### Exercise directions
In the copy, include no images. Reproduce the entries exactly.

--- Records for this exercise Enclosed Below ---

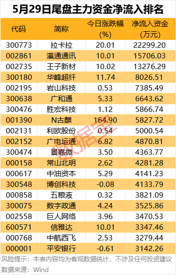 个股方面,拉卡拉、瀛通通讯、王子新材尾盘获主力资金净流入超1亿元;华峰超纤、岩山科技、广和通、胜宏科技等净流入均超5000万元。
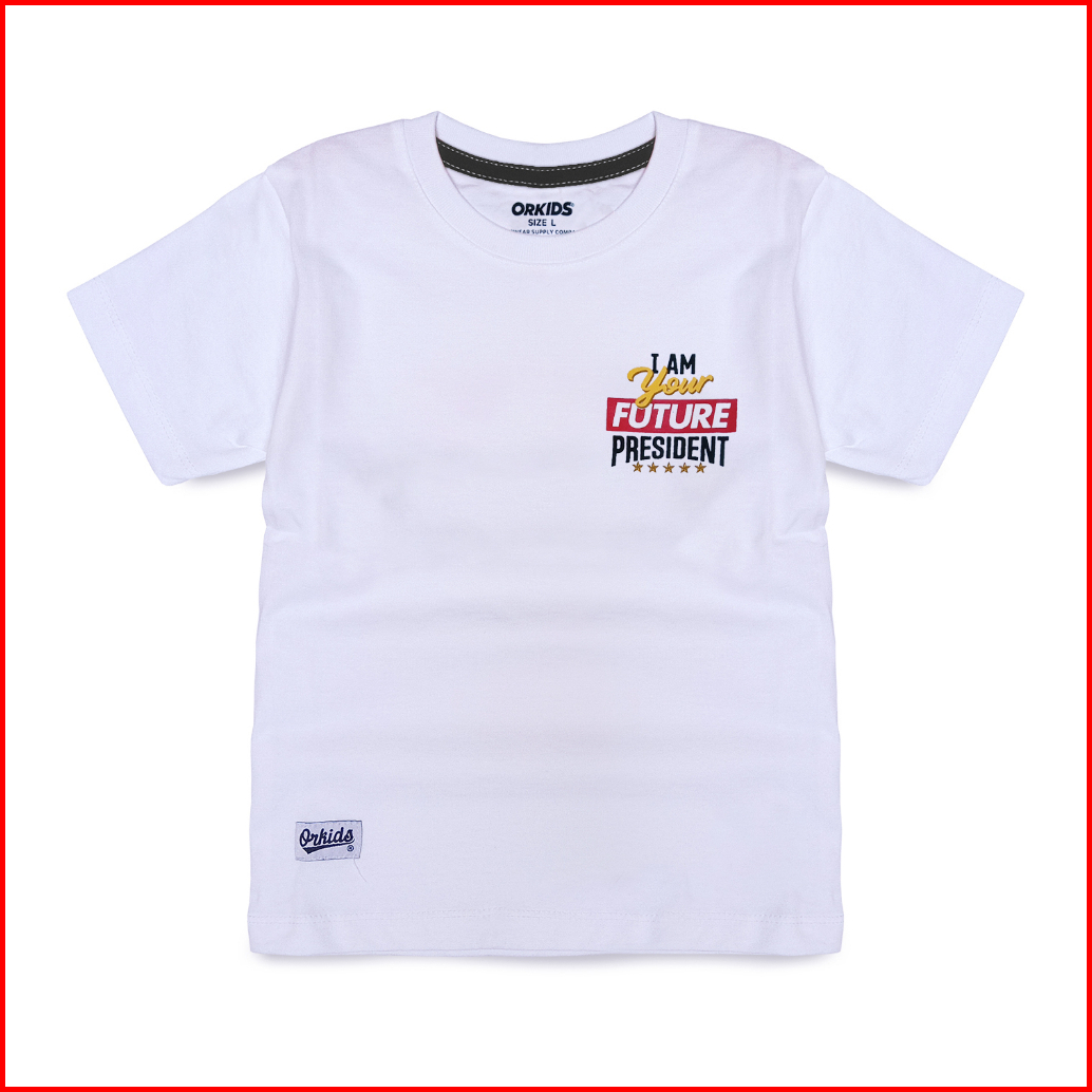 Kaos Anak Laki-laki Baju Distro Atasan Anak Cowok Lengan Pendek Your President White
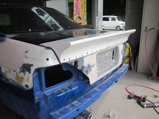 トランクに羽根付けますが、密閉されてたんでくり抜きました裏側。
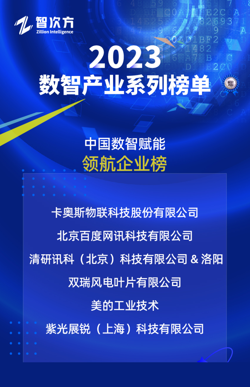 为了给企业提供展示数智化转型成果的舞台,帮助企业通过展示技术创新、产业发展等获得更多的曝光度和影响力,智次方、智次方研究院、物联网智库评选出了2023数智产业系列榜单。分为【中国数智赋能 领航企业榜】、【中国数智转型 标杆企业榜】、【中国工业互联网 领军企业榜】、【中国数智产业 创新产品榜】、【中国数智产业 风云人物榜】。
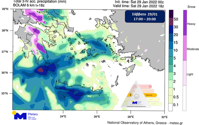 Σύμφωνα με τα προγνωστικά στοιχεία του Εθνικού Αστεροσκοπείου Αθηνών / Meteo.gr, τα φαινόμενα στα βόρεια σταδιακά θα εξασθενήσουν, ενώ από τις μεσημεριανές ώρες του Σαββάτου 29/01 θα επηρεάσουν βαθμιαία τα κεντρικά και νότια τμήματα της χώρας μας, με βροχές και καταιγίδες στις Κυκλάδες, στην Κρήτη, στην Πελοπόννησο, στα νησιά του Ανατολικού Αιγαίου και στα Δωδεκάνησα οι οποίες θα είναι ισχυρές, ιδιαίτερα τις βραδινές ώρες του Σαββάτου 29/01 και τις πρώτες πρωινές ώρες της Κυριακής 30/01, κατατάσσοντας την κακοκαιρία στην κατηγορία 3 του Δείκτη Επικινδυνότητας Βροχόπτωσης (Regional Precipitation Index – RPI).

--- End of Enclosed Records for this exercise ---

### Solution
 个股方面,拉卡拉、瀛通通讯、王子新材尾盘获主力资金净流入超1亿元;华峰超纤、岩山科技、广和通、胜宏科技等净流入均超5000万元。
 Kaos Anak Laki-laki Baju Distro Atasan Anak Cowok Lengan Pendek Your President White
 トランクに羽根付けますが、密閉されてたんでくり抜きました裏側。
 为了给企业提供展示数智化转型成果的舞台,帮助企业通过展示技术创新、产业发展等获得更多的曝光度和影响力,智次方、智次方研究院、物联网智库评选出了2023数智产业系列榜单。分为【中国数智赋能 领航企业榜】、【中国数智转型 标杆企业榜】、【中国工业互联网 领军企业榜】、【中国数智产业 创新产品榜】、【中国数智产业 风云人物榜】。
 Σύμφωνα με τα προγνωστικά στοιχεία του Εθνικού Αστεροσκοπείου Αθηνών / Meteo.gr, τα φαινόμενα στα βόρεια σταδιακά θα εξασθενήσουν, ενώ από τις μεσημεριανές ώρες του Σαββάτου 29/01 θα επηρεάσουν βαθμιαία τα κεντρικά και νότια τμήματα της χώρας μας, με βροχές και καταιγίδες στις Κυκλάδες, στην Κρήτη, στην Πελοπόννησο, στα νησιά του Ανατολικού Αιγαίου και στα Δωδεκάνησα οι οποίες θα είναι ισχυρές, ιδιαίτερα τις βραδινές ώρες του Σαββάτου 29/01 και τις πρώτες πρωινές ώρες της Κυριακής 30/01, κατατάσσοντας την κακοκαιρία στην κατηγορία 3 του Δείκτη Επικινδυνότητας Βροχόπτωσης (Regional Precipitation Index – RPI).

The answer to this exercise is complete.